Teilweise vs. vollständige Knieersatzoperation

Wichtige Erkenntnisse

  • Bei einem teilweisen Knieersatz wird nur der beschädigte Teil des Knies repariert, während bei einem vollständigen Knieersatz das gesamte Knie repariert wird.

  • Menschen, die einen teilweisen Knieersatz haben, heilen möglicherweise schneller und können schneller zu normalen Aktivitäten zurückkehren.

  • Ein vollständiger Knieersatz ist am besten, wenn mehr als ein Teil Ihres Knies beschädigt ist.

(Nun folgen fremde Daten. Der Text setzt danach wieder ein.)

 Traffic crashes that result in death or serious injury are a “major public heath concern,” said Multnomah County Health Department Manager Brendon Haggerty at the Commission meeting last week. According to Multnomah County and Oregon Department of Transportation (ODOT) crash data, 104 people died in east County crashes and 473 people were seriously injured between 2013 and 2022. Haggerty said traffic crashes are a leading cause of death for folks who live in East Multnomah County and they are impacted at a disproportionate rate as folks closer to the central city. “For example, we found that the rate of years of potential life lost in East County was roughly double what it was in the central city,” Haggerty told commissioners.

Der vollständige Kniegelenkersatz, auch Knieendoprothetik genannt, ist ein äußerst erfolgreicher chirurgischer Eingriff. Es ist jedoch nicht die einzige chirurgische Behandlungsmöglichkeit bei Knie-Arthrose. Einige Patienten kommen für einen teilweisen Knieersatz, auch bekannt als unikompartimentelle Knieendoprothetik, in Frage.

Unterschied zwischen vollständigem und teilweisem Knieersatz

Das Knie besteht aus drei Kompartimenten: dem medialen Kompartiment (Innenseite des Knies), dem lateralen Kompartiment (außerhalb des Knies) und dem patellofemoralen Kompartiment (vor dem Knie). Bei einigen Knie-Arthrose-Patienten ist nur ein Kompartiment des Knies betroffen – normalerweise das mediale Kompartiment. Das laterale Kompartiment kann betroffen sein, kommt aber seltener vor.

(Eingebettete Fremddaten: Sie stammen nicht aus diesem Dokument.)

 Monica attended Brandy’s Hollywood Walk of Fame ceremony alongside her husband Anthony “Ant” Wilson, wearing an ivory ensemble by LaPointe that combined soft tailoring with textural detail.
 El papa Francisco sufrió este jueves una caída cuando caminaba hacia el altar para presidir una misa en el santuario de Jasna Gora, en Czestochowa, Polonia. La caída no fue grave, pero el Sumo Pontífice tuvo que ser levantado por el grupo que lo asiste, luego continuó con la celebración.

Bei einem partiellen oder unikondylären Knieersatz wird, wie der Name schon sagt, nur das betroffene Kompartiment des Knies ersetzt. Bei einem vollständigen Kniegelenkersatz werden hingegen alle drei Kompartimente des Knies ersetzt.

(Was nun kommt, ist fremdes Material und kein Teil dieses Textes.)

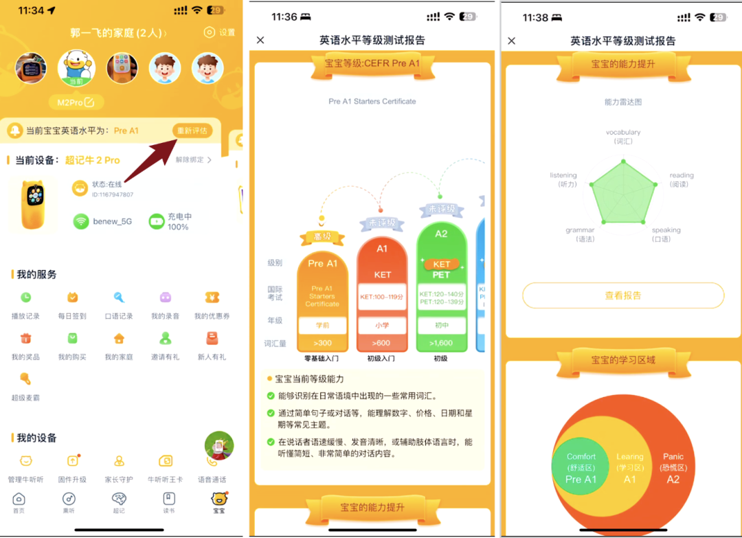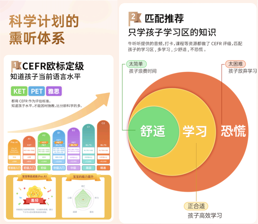 牛听听引入了CEFR欧标全套体系来评测孩子的英语能力水平。

Während beim teilweisen Kniegelenkersatz nur ein Kompartiment ersetzt wird, bleiben das vordere und hintere Kreuzband erhalten. Bei einem Knie-Totalersatz werden die Bänder entfernt. Es genügt zu sagen, dass bei einem teilweisen Knieersatz ein größerer Teil der eigenen Körperstruktur intakt bleibt.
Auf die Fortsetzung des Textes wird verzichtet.